Écrit par Canelle Feuerstein
Paru le 16 juin 2020

Ecoles à distance

Eve Martina Carrard, enseignante à l’école primaire de Perly-Certoux depuis 21 ans, nous raconte son expérience de l’école à distance avec sa classe de 1P-2P.  

 

Pendant longtemps, le vendredi 13 mars 2020 restera dans les mémoires. En Suisse, la population a dû faire face à une situation encore jamais vécue par nos générations. En effet, en réponse à la crise sanitaire liée au COVID-19, le Conseil Fédéral et les cantons décident de fermer les écoles jusqu’à nouvel avis.

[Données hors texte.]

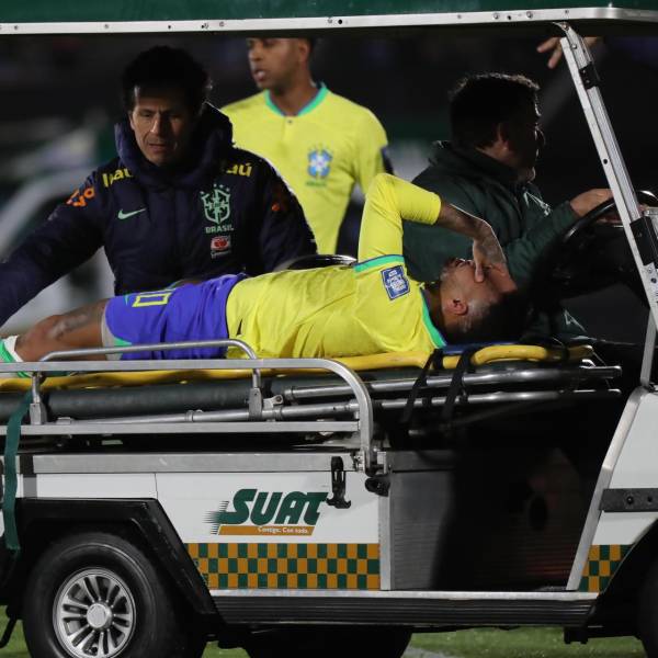 El brasileño, que no ocultó las lágrimas por la lesión, tuvo que ser retirado de la cancha en una camilla y abandonar el estadio con la ayuda de muletas.
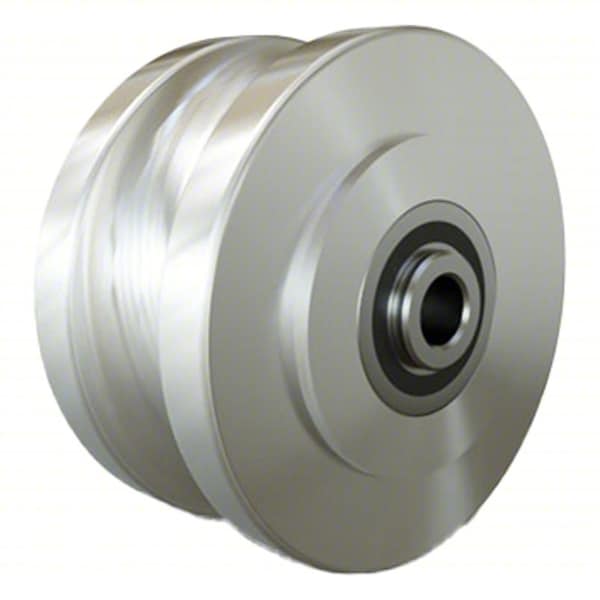 Track Wheel, 4 in Wheel Dia., 2 in Wheel Width, Stainless Steel Wheel/Tread Material, Precision Ball Wheel Bearing Type, U-Groove Tread Shape, For Axle Size 1/2 in, 1 1/16 in Groove Width, Yes Includes Spanner Bushing, Stainless Steel Wheel Core Material, Yes Non-Marking, 2 1/4 in Hub Length

« Depuis quelques semaines, les procédures de mesures d’hygiène étaient entrées dans les mœurs, on se lavait les mains tout le temps. On parlait du virus, mais sans s’alarmer. Une semaine auparavant, je rassurais les parents en disant que la situation était sous contrôle et qu’il n’était pas question que l’école ferme ». Eve Martina Carrad, enseignante d’une classe de 1P-2P à l’école de Perly-Certoux, nous raconte comment l’enseignement à distance s’est mis en place et comment ses élèves, leurs parents et elle ont fait face à cette période exceptionnelle.

 

Mise en place de l’école à distance

Contre toute attente, à 15h30, le vendredi 13 mars, Eve reçoit l’e-mail annonçant la fermeture de l’école. Elle choisit d’en parler tout de suite à ses élèves, âgés de 4 à 6 ans. Il est donc important de leur annoncer que leur rythme de vie va être chamboulé et qu’ils ne reverront pas leur maîtresse après le week-end.

Ils ne reviendront pas à l’école la semaine suivante, ni celles d’après : certains pleurent, ils comprennent que la situation est inédite.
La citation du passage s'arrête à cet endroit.